Ravenstonedale Parish History Group

Tarn Gill Bridge saved?


Chantry Bridge 1970s

Tarn Gill Bridge (known locally as Chantry Bridge), Townhead, Ravenstonedale, has been saved from demolition – for the moment. Friends of Tarn Gill Bridge commissioned a survey, design and specification for repairs from a firm in Kendal, but this was not acceptable to Cumbria County Council Highways (who own the bridge) as they do not agree with the surveyor’s findings. Although the Council have reinstated the sum of £15,000 into their budget for the bridge, they are not prepared to use any of this to investigate the problems with its structure, which they are sure stem from the bridge support being eroded by water disappearing down a sinkhole upstream. The Friends are therefore exploring other sources of funding for investigation and repairs, including the Orton Fells Hidden Landscapes Project, an initiative to bid for Heritage Lottery Funding for projects in the area which became part of Yorkshire Dales National Park on 1st August 2016.

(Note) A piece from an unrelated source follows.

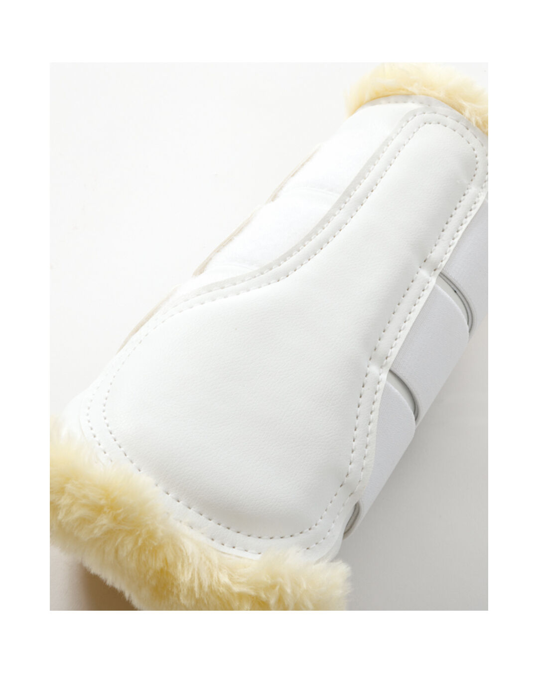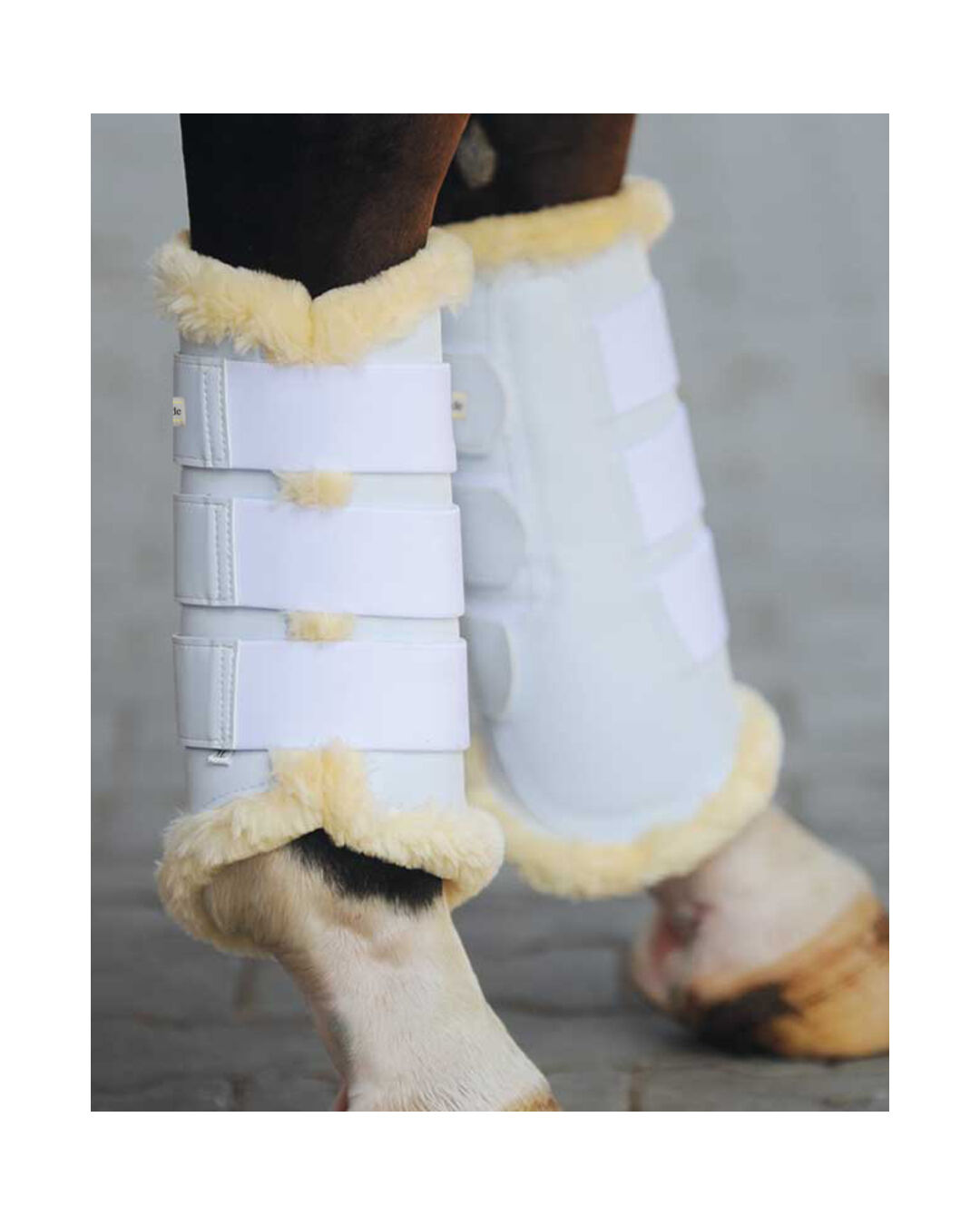 Die Innenseite dieser Gamaschen ist aus weichem Kunstfell gefertigt, was sie besonders für empfindliche Pferdebeine geeignet macht, die zu Scheuerstellen neigen. Die Außenseite besteht aus robustem Kunstleder, was diese Gamaschen zu einer 100 % veganen Option macht. Durch die drei verstellbaren Klettverschlüsse lassen sich die Gamaschen perfekt an das Bein des Pferdes anpassen und bieten so sicheren und komfortablen Halt.

Yorkshire Dales National Park also have limited funds to repair structures in conservation areas, provided suitable traditional materials are used, and they recommended a contractor experienced in repairs to traditional bridges. CCC Highways have now agreed that the perceived problem with the settling of the upstream abutment may be investigated to see if the abutment is being undermined and if so, whether it can be stabilised. The Friends will have to pay for this and the necessary permission is being obtained. The Friends have also applied to Historic England to see if they will recommend that the bridge should be listed.

Meanwhile, the History Group are trying to find out how old the bridge is. They are also trying to establish whether the bridge was known as Chantry Bridge before the nearby house called The Chantry was built. The earliest map showing a bridge on the site is Cary’s map of 1789 which later accompanied the edition of Camden’s Britannia (Richard Gough translation) published by John Nichols in 1798. It seems that the bridge would have been built to allow carts and heavily laden horses to cross Tarn Gill without having to go through the adjacent ford, which would have been impassable after heavy winter rain or snowmelt. Even the new “Irish Ford” was impassable to traffic on one morning during the December 2015 floods – but the bridge stood firm and pedestrians could use it! Our latest research has uncovered a former name for the bridge in use locally – Ford Bridge – which would have been used before The Chantry was built. The beck itself has also uncovered some cobbles under the bridge and just upstream, laid by hand at some point in the past, which we understand were probably placed there in an effort to streamline the flow of water when the beck is in spate.


  1. My mother (Margaret Law) ran the Kings Head during the late fifties and 1960’s. I can remember the bad floods of 1964/65 when the chantry bridge, arched at that time could not take the tremendous flood water consequently the water rose above the wall and totally flooded the Kings Head.

    • Hi Christopher – thank you very much for your comment. We think you may be referring to the old Coldbeck Bridge (before its alterations in 1967) as this is near the King’s Head. Chantry Bridge, also known as Tarn Gill Bridge, is at the other end of the village.

  2. I first visited the village in 1953 as a child, we were to stay at Banks Farm. The memories, I recall the excitement of our arrival, of this hump back bridge and the sharp left hand turn to drive up onto the fell. I’m so pleased that it is to be saved, it is a gem of Ravenstonedale.
    I am still a regular visitor to the area and I would like to hear progress of its restoration.

    • Hi Susan

      Thanks you for your comment. We’re always glad to hear people’s memories of Tarn Gill Bridge and we will pass your comments on to the Friends of Tarn Gill Bridge, a group dedicated to conserving the bridge if at all possible. Their latest news can be found on the Home page of this website.

  3. My late dad Edwin Akrigg came from Ravenstonedale. He was born there in 1918 and was the second youngest of 14 children. They lived on a farm, the name I forget, but I would like to visit sometime this year to see if any local parish records exist.